13 Things You Can Only Say To Your Work BFF

Imagine a world where there is peanut butter, but no jelly. A world where there are puppies, but no Instagram to show them off on. A world where there are feelings, but no Taylor Swift song to accompany them. I know, I know. I took you to a dark place, but I had my reasons. I use these crucial pairings to illustrate a point: Not having a work BFF is like only being half of a whole. I don't know if I've ever truly been in love, but I do know for a fact that I have found soulmates in work best friends that will probably never compare to the "real" thing. Step aside, The Notebook. When I write, direct, and star in Work BFF Book, Ryan Gosling's scruff will be old news.

It doesn't matter who you are, where you're from (♫ what you did ♫...OK, sorry, back on track), because even if you and your Work BFF could not be more different, you still understand each other on a primal level that the rest of the non co-worker plebes ever can. At some point in your work BFF-ship, words no longer matter. You can communicate solely through eye contact and strategically-picked emojis. Regardless of how you and your work BFF vibe each other during the day, though, one fact remains indisputable: There are some things in this universe you can only say to your work BFF. Here are a few of the key ones:

"My [insert friend/family member/sexy times partner from the real world] is being such a jackass."

Work best friends: Listening to us bitch about the rest of the people in our lives since pretty much the dawn of time. It's like an all access pass to whining about other people, because it's not like your work BFF is going to go all #TeamOtherGuy on you like people in your friend circle might. Your work BFF will always hate on whomever you are hating on in your life right with you, no questions asked.

"Is there blood on my butt?"

In my mind's eye, my uterus is some 8-year-old pranking punk ass little brother that wants to catch me off guard at all times. And when you're taken by surprise at work, there's really no discreet way to check your butt for period blood without looking like a dog chasing its own tail. Enter your work BFF, AKA your menstrual hero.

"Stuck in bathroom plz bring tampon"

Nobody else could be trusted to receive this distress call via text. They're like the Sam to your period-stricken Frodo.

"Hot person in the office, HOT PERSON IN THE OFFICE, HOT. PERSON. IN. THE. OFFICE!!"

You don't say this out loud, obvi. You say it with your eyeballs, and perhaps a very covert half-smirk, and then boom.
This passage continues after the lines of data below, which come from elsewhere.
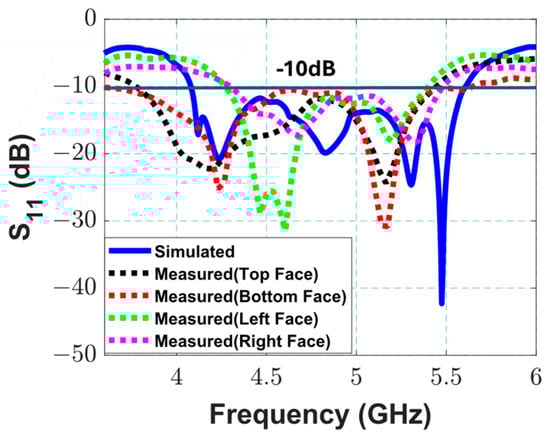 - Qi, J.; Wang, Q.; Deng, F.; Zeng, Z.; Qiu, J. Low-Profile Uni-Cavity High-Gain FPC Antenna Covering Entire Global 2.4 GHz and 5 GHz WiFi-Bands Using Uncorrelated Dual-Band PRS and Phase Compensation AMC. IEEE Trans. Antennas Propag. 2022, 70, 10187–10198. [Google Scholar] [CrossRef]
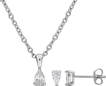 Made to wear together or styled separately, this necklace and earrings set features pear-cut cubic zirconia for elegant sparkle.
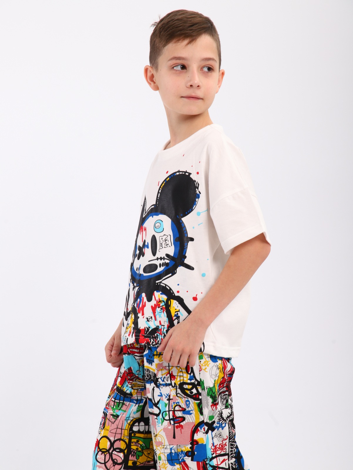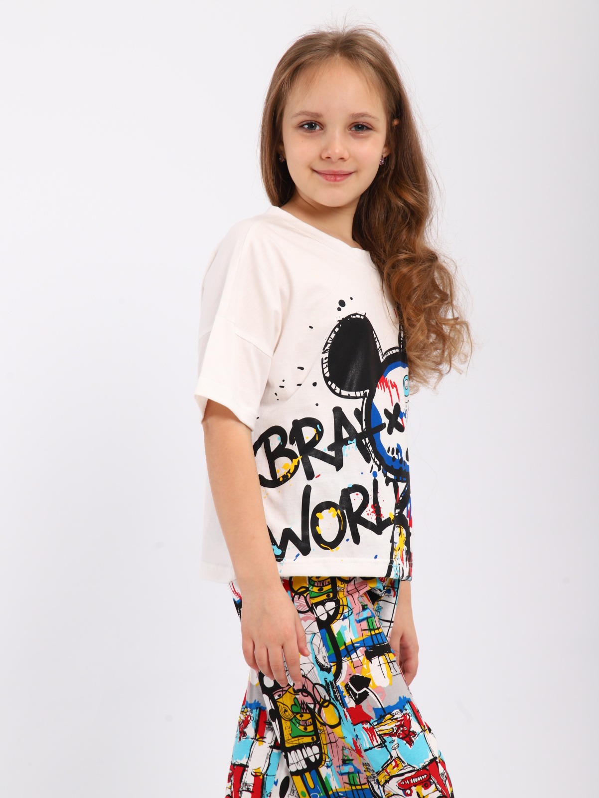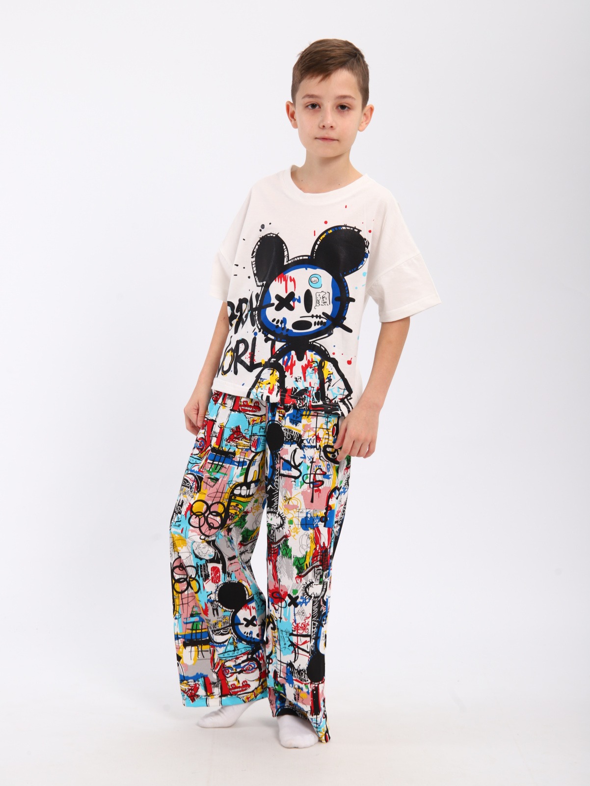 Эта очаровательная детская пижама Гранд станет любимой домашней одеждой, как для девочки, так и для мальчика, создавая атмосферу комфорта и уюта. Свободный крой оверсайз футболки и широкие брюки-палаццо на резинке подарят максимальную свободу движений, а мягкий хлопковый трикотаж обеспечит приятные тактильные ощущения.
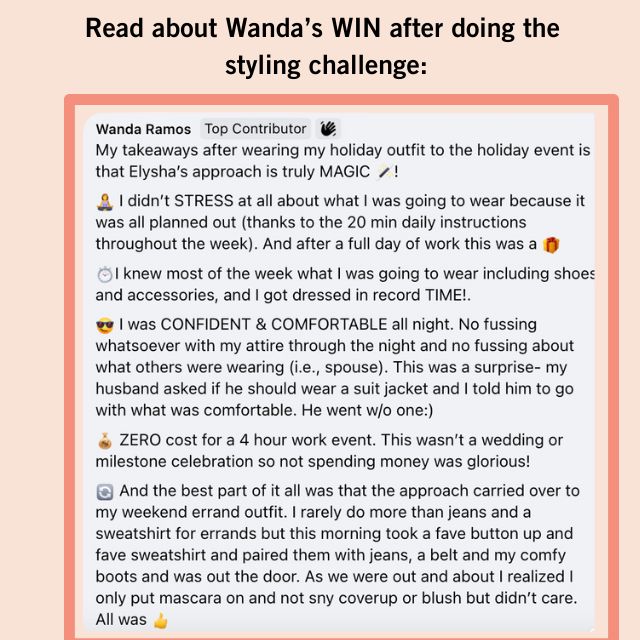 The Outfit Magic Styling Challenge is your chance to get expert guidance as you explore your wardrobe, tap into your creativity, and make the most with what you already own. By committing to this experience, you’ll gain a fresh perspective on your clothes, sparking new discoveries and inspiration that not only elevate your style but also boost your energy—transforming how you show up in the world.
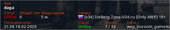 Играет на Counter Strike Source сервере. Страна: РоссияПервый раз замечен 21:28 18.02.2026
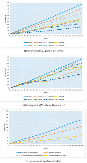Figure 11a shows the smart sensor node energy consumption of the existing MAC protocol to which fixed buffer thresholds are applied. Figure 11b shows the smart sensor node energy consumption of the proposed method that applies variable buffer thresholds. In Figure 11c, the mean of energy consumption was low among smart sensor nodes of the existing MAC protocol. But, standard deviation of energy consumption was high among smart sensor nodes. On the other hand, the mean of energy consumption was high among smart sensor nodes of the proposed MAC scheme. Standard deviation of energy consumption was low among smart sensor nodes. The simulation result indicates that the energy consumption among smart sensor nodes of the proposed method is uniform in comparison with that of the existing MAC protocol.

Hello, studly delivery guy/person who got off on the wrong floor/person we hired to mortally humiliate our boss by singing on their birthday. 'Sup.
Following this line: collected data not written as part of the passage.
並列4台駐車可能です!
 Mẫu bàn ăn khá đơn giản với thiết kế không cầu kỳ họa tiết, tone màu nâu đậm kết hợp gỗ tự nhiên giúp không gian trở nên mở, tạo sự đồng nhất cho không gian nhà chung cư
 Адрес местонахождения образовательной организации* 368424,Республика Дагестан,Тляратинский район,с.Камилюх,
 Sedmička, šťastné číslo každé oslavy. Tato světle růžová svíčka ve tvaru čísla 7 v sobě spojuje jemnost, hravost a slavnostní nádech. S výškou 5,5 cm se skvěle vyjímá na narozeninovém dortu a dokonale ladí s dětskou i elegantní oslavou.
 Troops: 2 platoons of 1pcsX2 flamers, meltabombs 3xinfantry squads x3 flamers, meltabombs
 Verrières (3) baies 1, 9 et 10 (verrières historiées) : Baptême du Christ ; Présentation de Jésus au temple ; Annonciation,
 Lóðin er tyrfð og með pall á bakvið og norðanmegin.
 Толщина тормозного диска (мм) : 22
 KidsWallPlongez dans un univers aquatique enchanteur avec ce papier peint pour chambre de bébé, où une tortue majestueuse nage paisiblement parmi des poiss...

"Wow, you look like crap."

No judgment. Only sympathy. Commence the breakdown of what riveting party story and/or hell scape went down the night before.

"Oh my god, I totally forgot to put on deodorant today."

I don't know why as humans we feel it necessary to vocalize this in the rare instances it happens. I'll consult some science about it, maybe. But the fact of the matter is, you're going to awkwardly confess it to someone no matter what happens, and your work BFF loves you no matter how rank you are.


You're kidding (mostly), but on the days when you seriously want to kick the printer into the next dimension and the entire office feels like a pool of suck, it feels good to say it out loud to someone who A). Totally has been there, and B). Isn't about to call HR on your ass.


You're also allowed to spontaneously fire each other on the reg. Offenses include: Making terrible puns, calling sick out of work and leaving your work BFF lonely, and sneaking Taylor Swift lyrics into headlines (SORRY NOT SORRY about that last one, America).

"What should I get for lunch?"

It's not even that you're asking this relatively innocuous question. It's that you expect them to spend the next 5-10 minutes of their lives considering the answer to this question as seriously as they would consider a marriage proposal, because let's be real, guys, lunch is the best part of any weekday. I don't need someone's weak sauce, "Oh, there's a Panera down the street" crap. I need someone who isn't afraid to open their Seamless app and get their hands dirty. My lunch depends on it.

"I'm gonna get ~slizzard~ this weekend."

You're probably not going to say "slizzard," because you're not as much of a waste of human space as I am, but the rule still applies. You can't just tell this to another co-worker without them thinking you're an over-sharing drunk. Your work BFF already knows you're an over-sharing drunk, so it's totally legit.

"I have no earthly idea what just happened in that meeting."

As hard as you try to adult, sometimes you just have no idea what is going on. You got distracted by a Kardashian breaking the internet, or you slept for two hours the night before, or everything people are saying just goes right over your head and far beyond your brain space. Your work BFF is not here to judge. They've got your back and will email you notes faster than you can shed one tiny tear for your lost attention span.

"Can you tell there's a hickey on my neck?"

Nope, but you can tell there's a story here and obviously no work is going to get done until it is discussed in disgustingly accurate detail.

"If you ever leave this place I'd probably set myself on fire and jump off a cliff."

In any other relationship, this would be a huge red flag, collect $200 and don't pass go type of situation, but this kind of unhealthy reliance on each other is what defines work BFF-ship. Co-dependence has never tasted so sweet.